Доклад вызвал оживленные прения. Выступления Рогалевича, Сирика, Кривопола, Личагина, Синягина и других товарищей были деловыми, самокритичными. В их словах чувствовались и высокий настрой, и забота о том, как лучше выполнить боевую задачу.

Выступил на этом собрании и командир полка. Он призвал коммунистов еще глубже проникнуться чувством партийной ответственности за выполнение своих обязанностей, поставил перед ними конкретные задачи: непрерывно вести разведку, своевременно собирать сведения о положении своих войск и доводить до них задачи, поддерживать непрерывную связь, систематически контролировать подачу в подразделения боеприпасов и других материальных средств, необходимых для боя.

После собрания майор Орехов пригласил к себе своих заместителей.

— Партийное собрание прошло активно, — сказал нам Василий Романович. — Чувствуется, что настроение у людей боевое. Но сделано еще не все. Теперь, Александр Дмитриевич, — обратился он к замполиту, — надо провести митинги в подразделениях. Пусть выступят ветераны, пусть они расскажут, как громили фашистов в минувших боях. Работу эту начните в третьем батальоне. Ему ведь уже в полночь предстоит выдвижение в исходный район.

Орехов дал также указание Костенко и мне. На Ивана Андреевича он возложил руководство 3-м батальоном и подразделениями средств усиления при выдвижении их в исходный район и смене частей 252-й стрелковой дивизии. Мне же командир полка приказал выделить в помощь ему офицера штаба, установить наблюдение за противником, организовать связь с батальоном, подготовить проект боевого донесения о занятии передовым батальоном указанного ему рубежа.

На рассвете 2 августа капитан Сирик доложил мне по телефону о том, что батальон Жиделева произвел смену [20] обороняющихся и приступил непосредственно к подготовке атаки. Об этом я тут же доложил Орехову. Вскоре Василий Романович ушел в батальон.

В этот день я решил с утра побывать в подчиненных мне штабных подразделениях — во взводе пешей разведки и роте связи, проверить их готовность, поговорить с людьми.

Разведчики располагались неподалеку от штаба в неглубоком овражке, поросшем мелким кустарником. Командира взвода младшего лейтенанта К. Ф. Цветкова я встретил у первой землянки, врытой в скат оврага. Константин Федорович, уроженец Ивановской области, был молод. Среднего роста, энергичный, с тонкими чертами лица, живыми карими глазами, он производил впечатление человека смекалистого, находчивого. Так оно и было в действительности. И еще Цветков отличался опрятностью, всегда был собран, подтянут. Но вот сейчас Константин Федорович предстал передо мной в помятой, грязной гимнастерке, без ремня и с расстегнутым, не первой свежести воротничком. Глаза его были воспалены.

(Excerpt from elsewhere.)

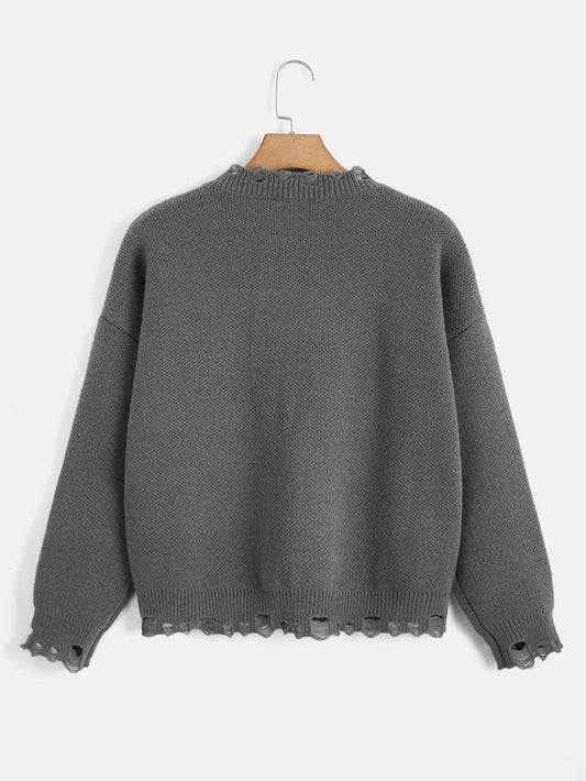 Edgy Skull Pattern Drop Shoulder Distressed Sweater for a Bold Style
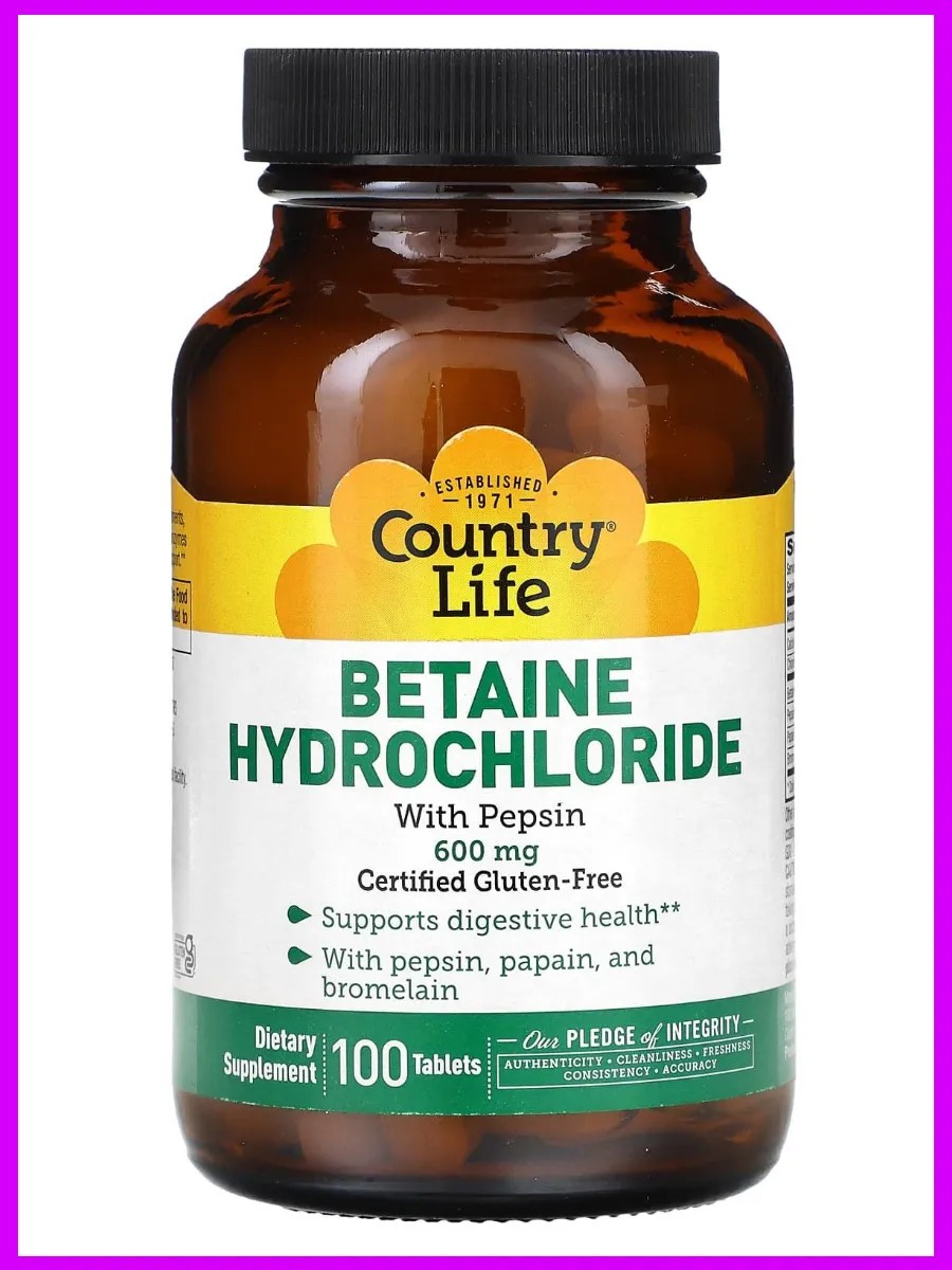 Country Life Бетаин гидрохлорид пепсин 100 таблеток

Застав его в таком непривычном виде, я сразу подумал, что ночь, проведенная им на передовой, была на редкость тяжелой. Однако строго спросил:

— Что за вид у вас, Цветков?

— Виноват, товарищ гвардии капитан! Только что возвратился с «передка»: там вместе с начальником разведки полка старшим лейтенантом Барановым организовывали службу наблюдения. Местами пришлось передвигаться по-пластунски... Оттого малость поизмялись и измазались. А сейчас как раз собирался привести себя в порядок... — ответил он.

— Ясно. Докладывайте, что нового о противнике удалось узнать?

— Немногое, товарищ гвардии капитан, — с сожалением сказал Цветков. — Фашисты вели себя смирно, активности особой не проявляли. Постреливают из автоматов, пулеметов да минометов. В нашем батальоне имеются раненые. А в девяносто втором полку есть и убитые. Погиб командир второго батальона капитан Грачев.

— Огневые точки засекли?

— А как же! Разрешите показать на карте?

Младший лейтенант вынес из землянки полевую сумку, достал топографическую карту и показал на ней места [21] расположения пулеметов, из которых гитлеровцы ночью вели огонь. Его данные я сличил по своей карте с теми огневыми точками противника, которые нам были известны ранее. Они совпадали. «Так, если новых огневых точек не обнаружено, — подумал я, — значит, части вражеские перед нами прежние».

— А были ли отмечены какие-либо особенности в режиме ведения огня?

— Нет. Разве только в этом месте. — Цветков указал на две пулеметные точки, расположенные по скатам лощины, пересекавшей передний край обороны врага в километре к востоку от деревни Редин. — У этих вот двух пулеметов, когда они стреляли одновременно, огневые трассы перекрещивались. Создается впечатление, что перекрестным огнем прикрывается стык двух опорных пунктов. Только вот не могу утверждать, между какими подразделениями: ротами или батальонами. «Языка» бы достать. Тогда бы все прояснилось.

— За «языком» сейчас ходить нельзя. Вести активную разведку нам, вновь прибывшим на этот участок, запрещено, — ответил я. — А вот деталь вы подметили существенную. Нами здесь предполагался стык между батальонами триста тридцать первого пехотного полка сто шестьдесят седьмой пехотной дивизии. Ваши сведения подтверждают это. Ну а как спланировали разведку в ходе наступления?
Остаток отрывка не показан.